Grabowski stwierdził, że teraz formacja Kukiz '15 musi wyciągnąć wnioski z wyborczego wyniku.
- Te 3,7 procent to jednak był kubeł zimnej wody - przyznał. - Teraz musimy spokojnie pomyśleć, co dalej. Te wybory pokazały, że duopol, przed którym od początku ostrzegaliśmy, staje się faktem. Dla mnie to nie jest prawdziwa demokracja. Powinno być w niej miejsce także dla innych ugrupowań.
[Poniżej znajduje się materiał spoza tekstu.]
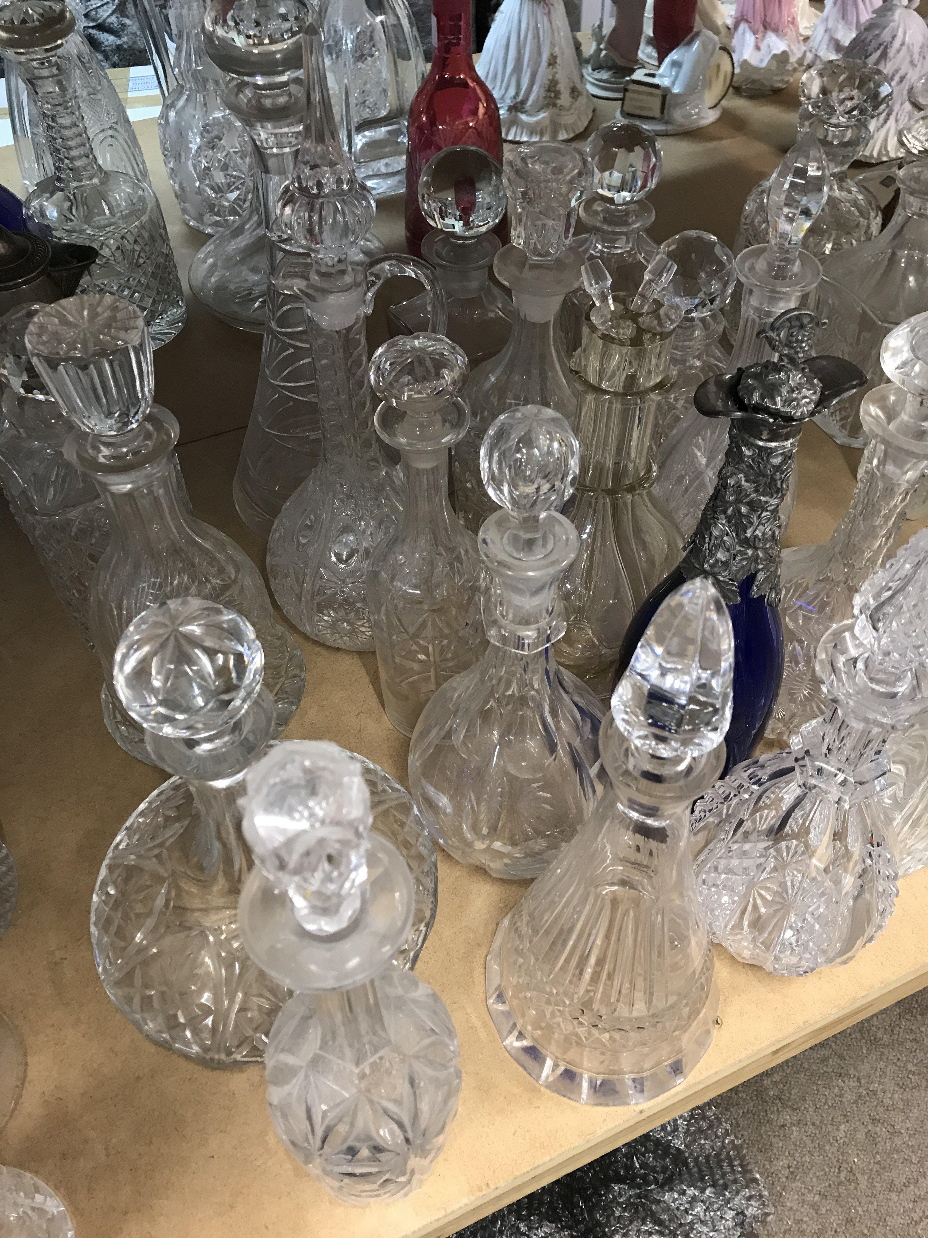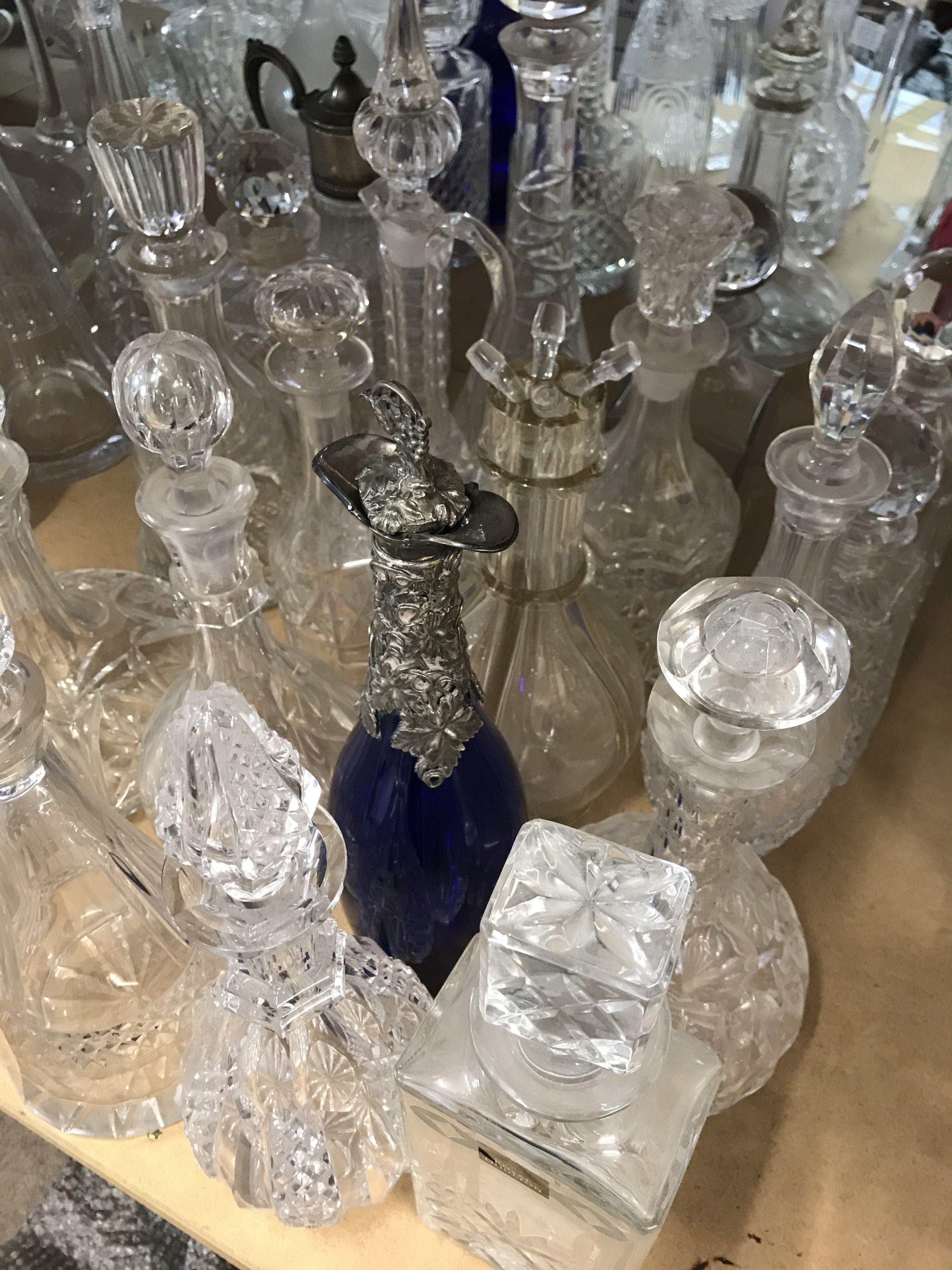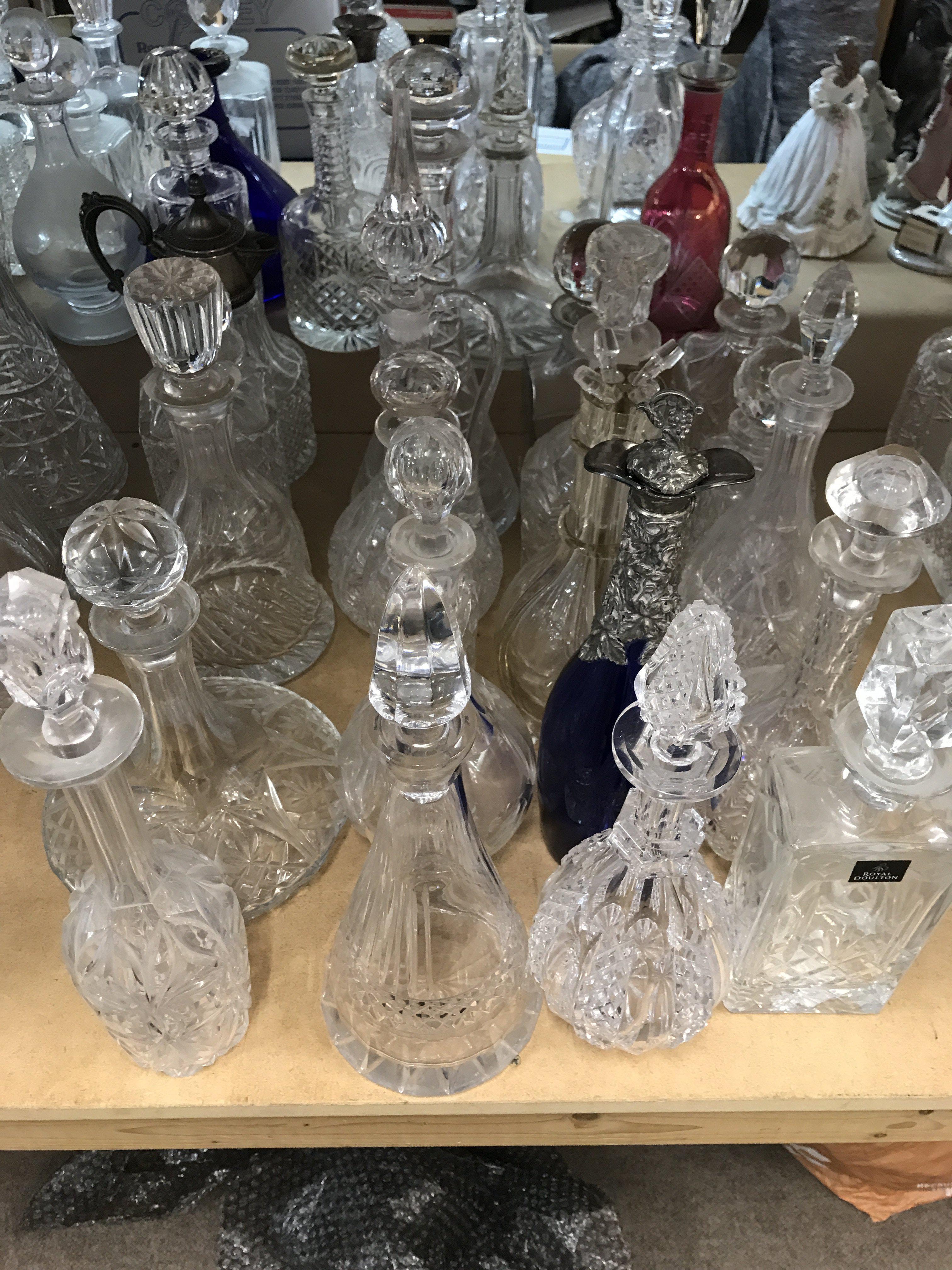 A large collection of decanters including some silver plated and cut glass examples. Approx 20 decanters.

Nasz gość stwierdził, że jego formacja myśli nad stworzeniem takiej koalicji, która mogłaby powalczyć w wyborach jesiennych. Przyznał, że PiS proponuje "kukizowcom" wspólny start, ale zauważył, że propozycja stworzenia wspólnych list - bez uzgodnienia wspólnych tez programowych - jest trudna do przyjęcia.
- Dla nas bardzo ważna jest instytucja wiążącego referendum. Taka procedura istnieje we Włoszech, gdzie wyborcy mogą w pewnym momencie powiedzieć "basta" i zablokować działania, które uważają za niedopuszczalne - tłumaczy.
Zapytany o kształt tej przyszłej koalicji, metaforycznie odpowiedział, że sam siebie postrzega w roli defensywnego pomocnika i po prostu czeka, jakie koalicyjne decyzje podejmie trener, czyli - Paweł Kukiz.
- Ja jestem po prostu członkiem naszej drużyny - podkreśla.